SUPPLIED RECORDS
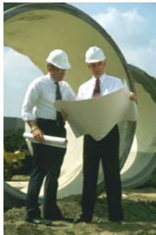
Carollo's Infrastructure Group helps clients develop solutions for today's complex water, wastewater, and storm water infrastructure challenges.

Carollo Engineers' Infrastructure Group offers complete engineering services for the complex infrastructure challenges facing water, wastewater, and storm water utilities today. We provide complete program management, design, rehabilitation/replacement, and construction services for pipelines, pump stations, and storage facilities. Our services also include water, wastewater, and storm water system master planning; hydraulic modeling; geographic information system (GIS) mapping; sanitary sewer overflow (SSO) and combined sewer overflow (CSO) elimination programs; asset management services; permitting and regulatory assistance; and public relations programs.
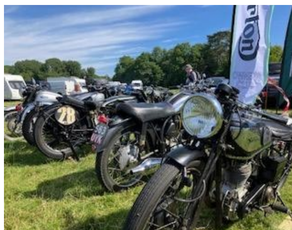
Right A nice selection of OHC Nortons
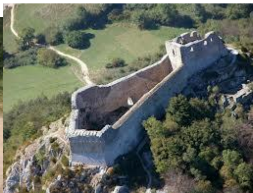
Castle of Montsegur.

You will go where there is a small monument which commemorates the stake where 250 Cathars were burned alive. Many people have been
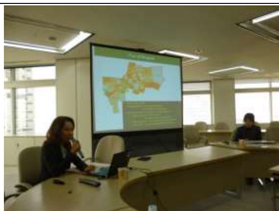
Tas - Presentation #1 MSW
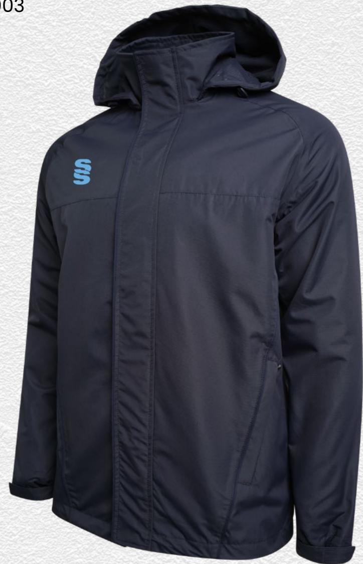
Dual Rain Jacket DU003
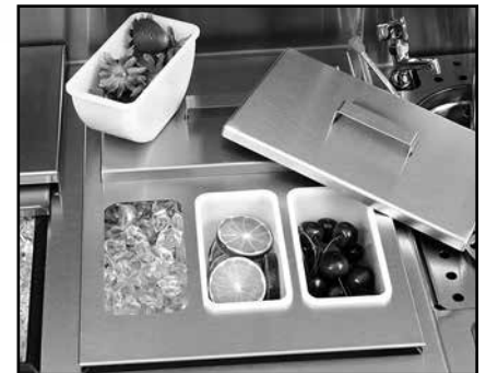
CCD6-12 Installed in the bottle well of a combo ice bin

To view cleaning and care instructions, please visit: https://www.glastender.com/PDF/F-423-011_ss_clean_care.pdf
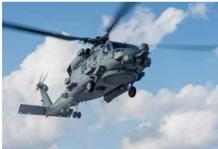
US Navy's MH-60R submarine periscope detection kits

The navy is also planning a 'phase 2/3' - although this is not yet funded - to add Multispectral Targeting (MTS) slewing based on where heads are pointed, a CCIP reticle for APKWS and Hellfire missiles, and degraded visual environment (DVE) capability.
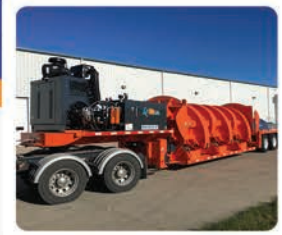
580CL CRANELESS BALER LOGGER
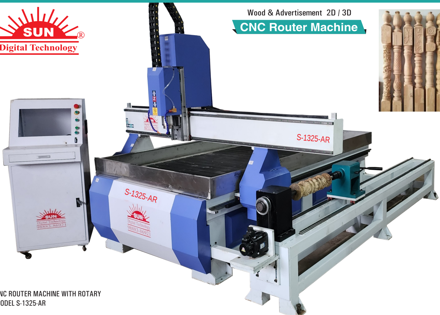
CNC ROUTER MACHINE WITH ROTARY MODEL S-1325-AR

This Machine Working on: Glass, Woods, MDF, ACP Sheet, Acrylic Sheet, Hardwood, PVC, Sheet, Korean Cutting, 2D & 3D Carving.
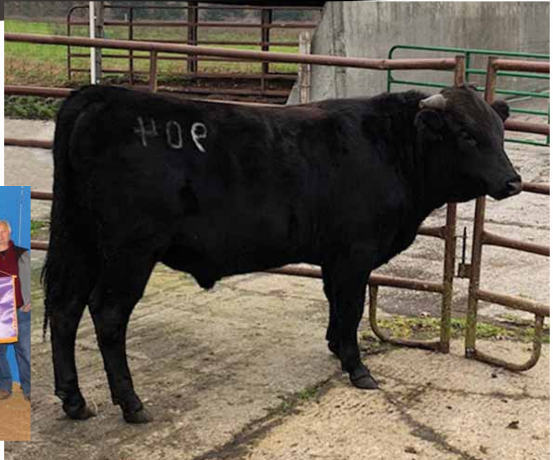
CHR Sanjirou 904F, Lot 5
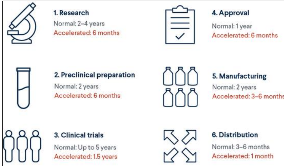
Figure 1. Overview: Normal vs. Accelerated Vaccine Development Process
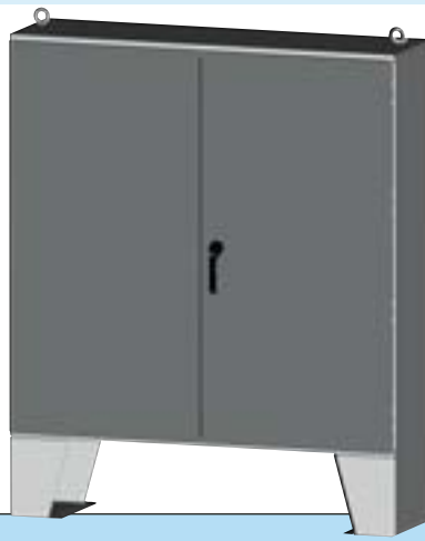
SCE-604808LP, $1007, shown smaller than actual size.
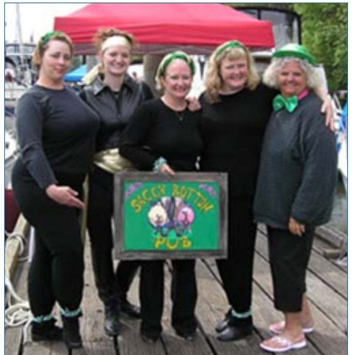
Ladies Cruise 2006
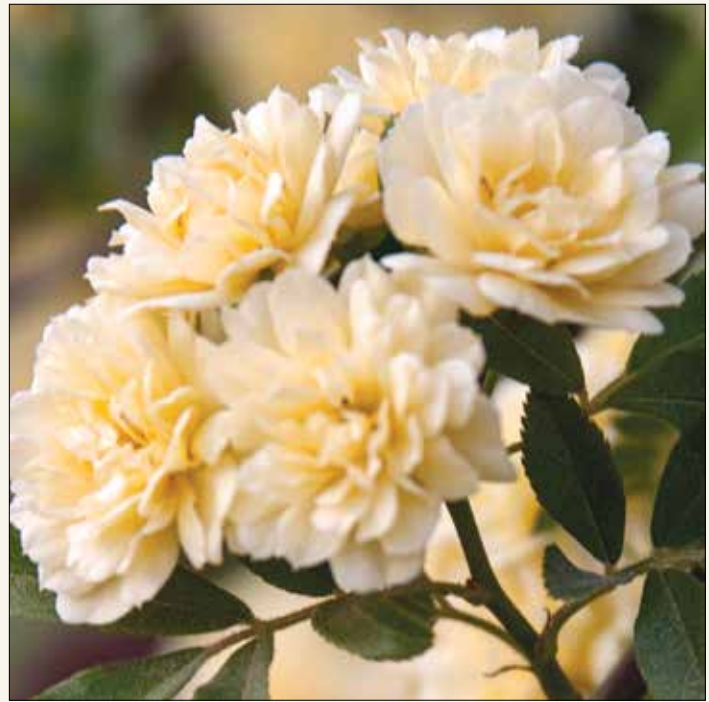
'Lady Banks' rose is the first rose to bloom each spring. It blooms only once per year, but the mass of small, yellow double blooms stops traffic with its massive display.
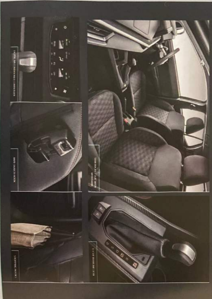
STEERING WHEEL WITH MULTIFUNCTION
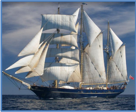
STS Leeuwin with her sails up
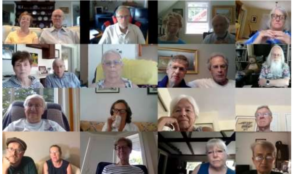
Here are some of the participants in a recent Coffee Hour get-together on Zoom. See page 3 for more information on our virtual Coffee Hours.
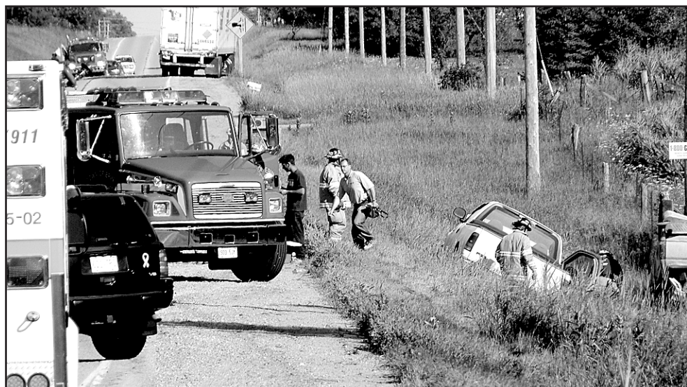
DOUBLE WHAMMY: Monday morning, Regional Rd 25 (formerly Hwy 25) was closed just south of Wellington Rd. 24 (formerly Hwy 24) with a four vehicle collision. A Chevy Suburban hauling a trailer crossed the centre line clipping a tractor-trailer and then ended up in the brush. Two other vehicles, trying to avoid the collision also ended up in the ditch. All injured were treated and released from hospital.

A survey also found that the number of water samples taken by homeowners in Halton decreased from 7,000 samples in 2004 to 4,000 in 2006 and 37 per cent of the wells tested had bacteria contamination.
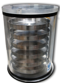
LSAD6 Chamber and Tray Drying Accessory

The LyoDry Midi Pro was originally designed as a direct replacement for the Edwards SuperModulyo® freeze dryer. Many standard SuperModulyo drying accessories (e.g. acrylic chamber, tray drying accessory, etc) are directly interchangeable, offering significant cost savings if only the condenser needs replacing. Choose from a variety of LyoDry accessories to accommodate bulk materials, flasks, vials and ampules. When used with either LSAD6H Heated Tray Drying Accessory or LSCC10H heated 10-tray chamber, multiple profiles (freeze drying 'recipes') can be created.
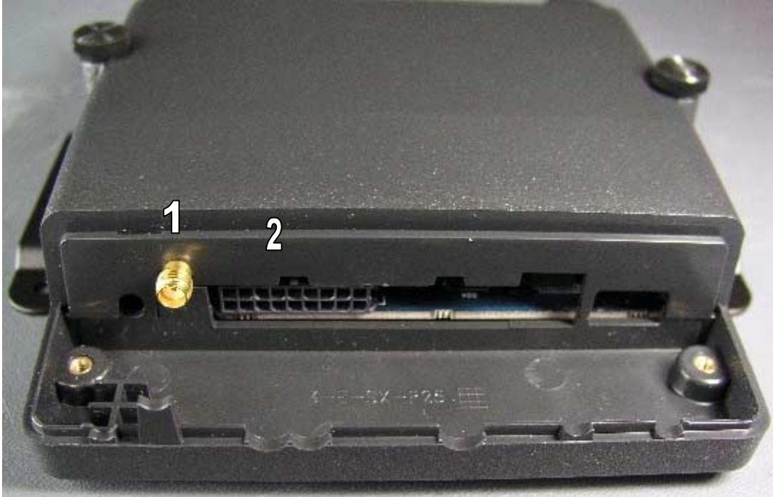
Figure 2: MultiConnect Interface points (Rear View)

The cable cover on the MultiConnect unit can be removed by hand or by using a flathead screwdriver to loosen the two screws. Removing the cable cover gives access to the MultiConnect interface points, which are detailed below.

YOUR GOAL
Read the listing above, then copy every line that includes the string "where".

YOUR RESPONSE
You will go where there is a small monument which commemorates the stake where 250 Cathars were burned alive. Many people have been
The navy is also planning a 'phase 2/3' - although this is not yet funded - to add Multispectral Targeting (MTS) slewing based on where heads are pointed, a CCIP reticle for APKWS and Hellfire missiles, and degraded visual environment (DVE) capability.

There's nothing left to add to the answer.